Egypt needs about 114 billion cubic meters of water annually. Still, the total amount it receives is only 60, including 55 billion cubic meters of its share in the Nile water. The rest is completed through the recycling of agricultural and sewage water. Egypt’s share of the world’s longest river is facing real danger due to Ethiopia’s construction of a massive dam with a reservoir capacity of more than 70 billion cubic meters of water. Ethiopia is currently preparing to start the fourth filling of the Renaissance Dam. At the same time, the Egyptian government cannot protect its historical share in the Nile waters and Addis Ababa’s unilateral policy regarding the construction and operation of the dam. Any expected decrease in Egypt’s share of the Nile water, especially during periods of drought and prolonged drought, will lead to an expansion in the recycling of sewage and agricultural wastewater, which will exacerbate the risks of high levels of water and soil pollution in the Nile Delta, according to the study.

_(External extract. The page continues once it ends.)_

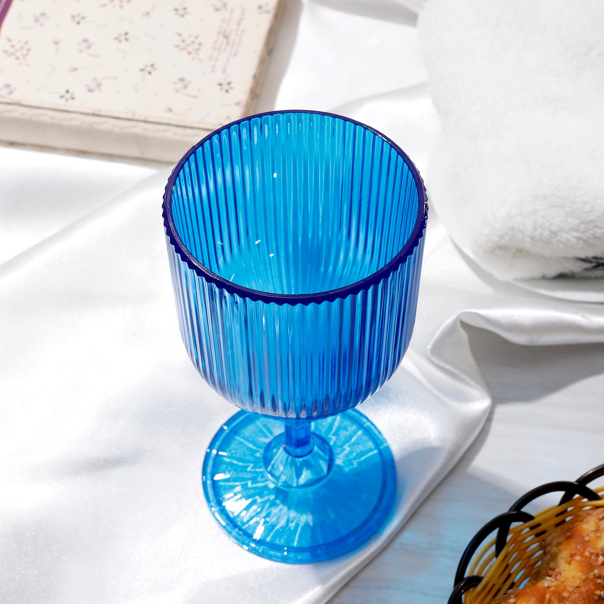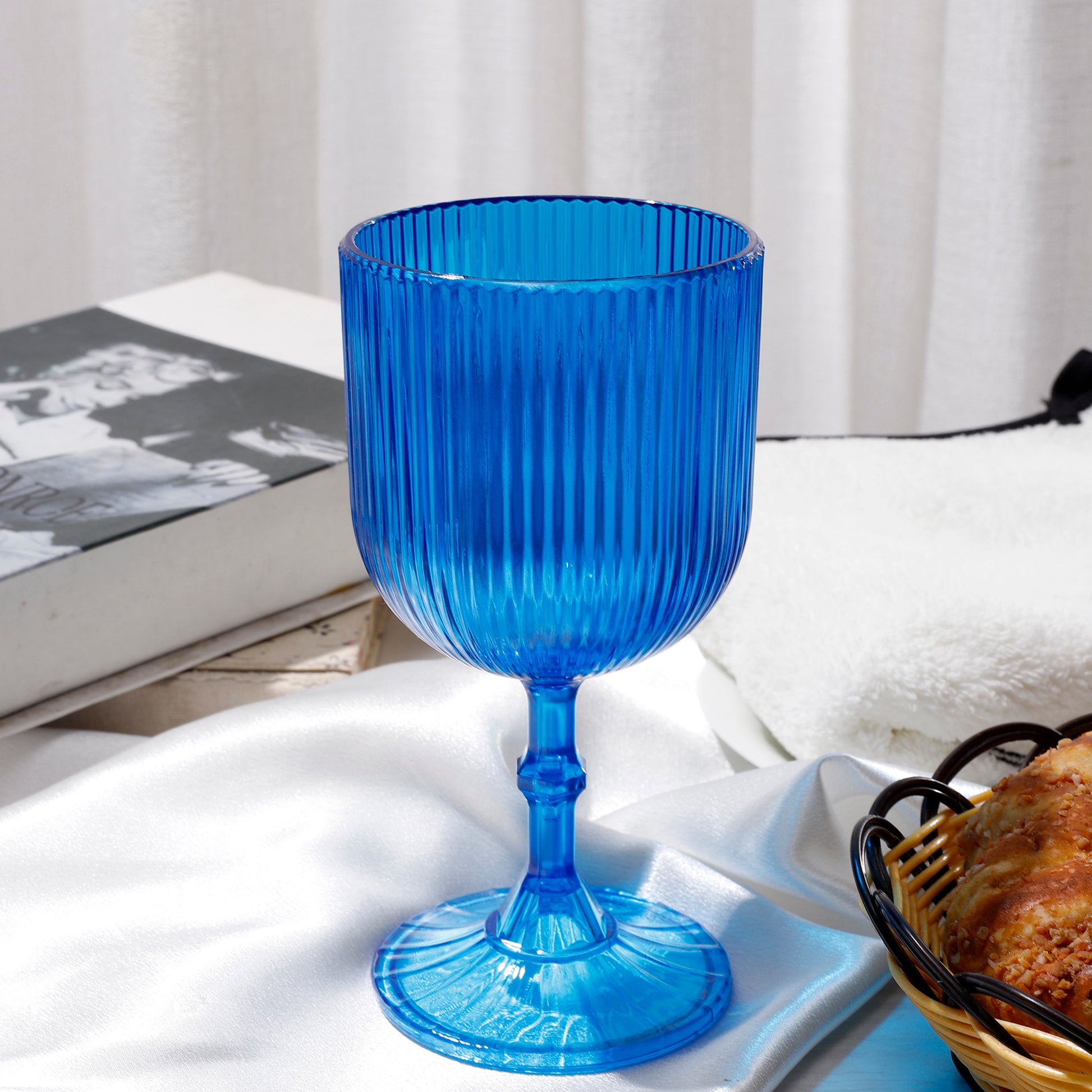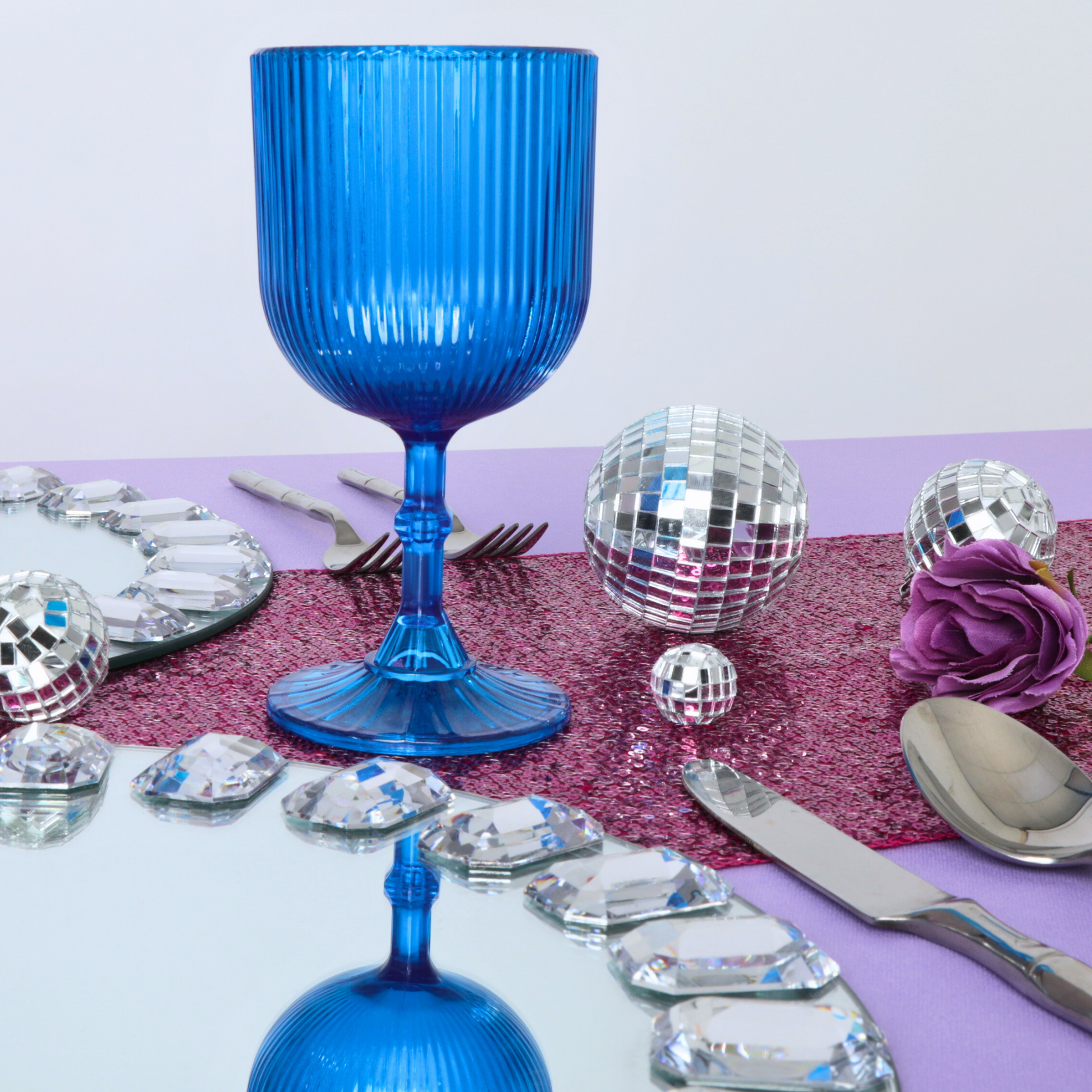 Combine these Blue Acrylic Wine Goblets with complementary colors like white or silver for an elegant look, or with contrasting colors like yellow or orange for a vibrant tablescape.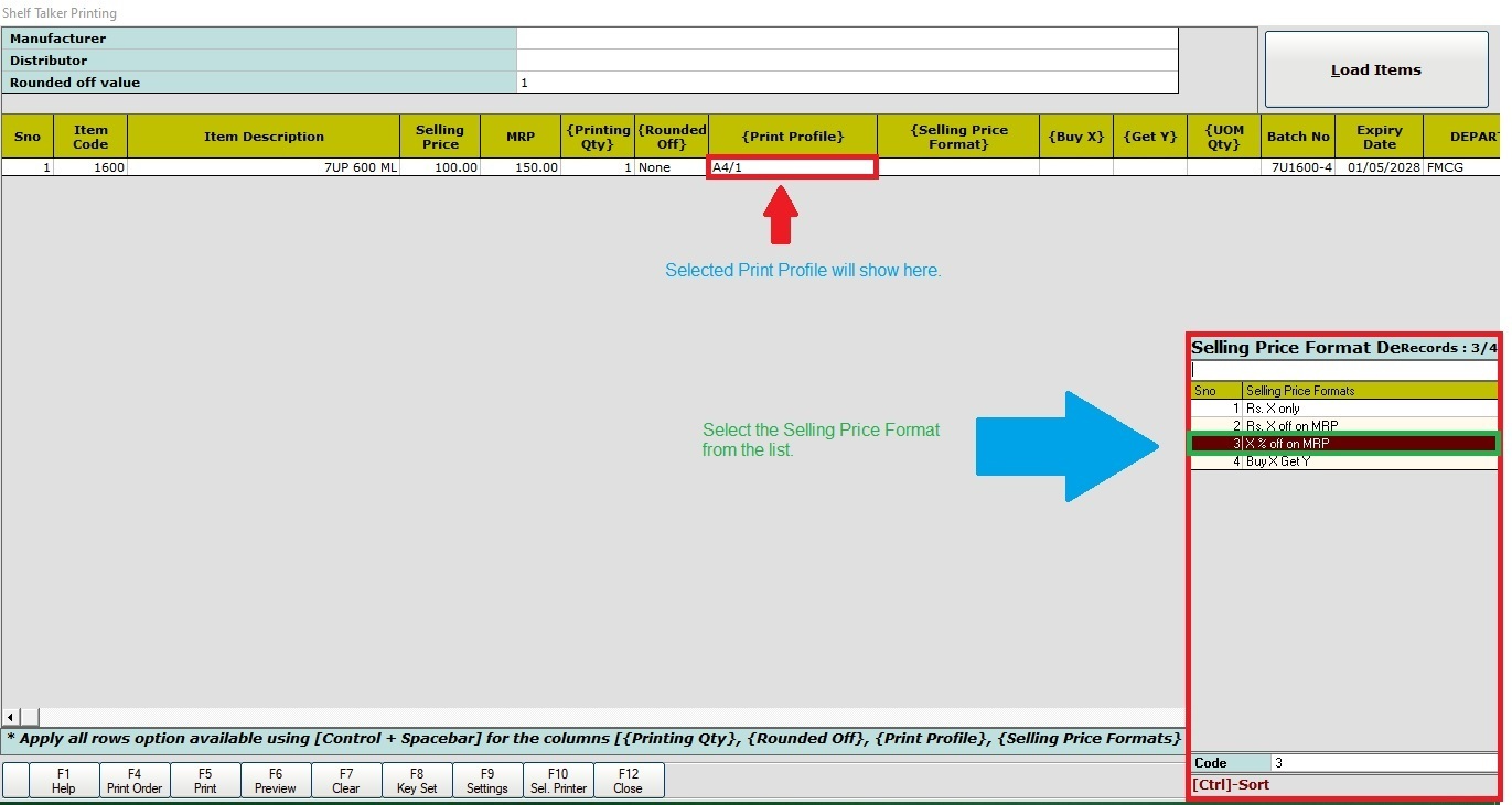 Press Enter button in the Print Profile field to open the selection window and choose the required Selling Price Format.

The researchers stress the urgent need to incorporate sediment pollution in the Nile Delta into environmental impact studies of the filling and operation of the GERD. “Our study underscores the need for more research on the environmental impacts of recycling untreated water and the change in river turbidity with an increased damming upstream of the Nile,” says Dr Heggi. “Continuing research with more sampling campaigns in this region could help. Future discussions and cooperation between the Nile Basin countries, who have a common interest in maintaining a healthy system for the Nile.”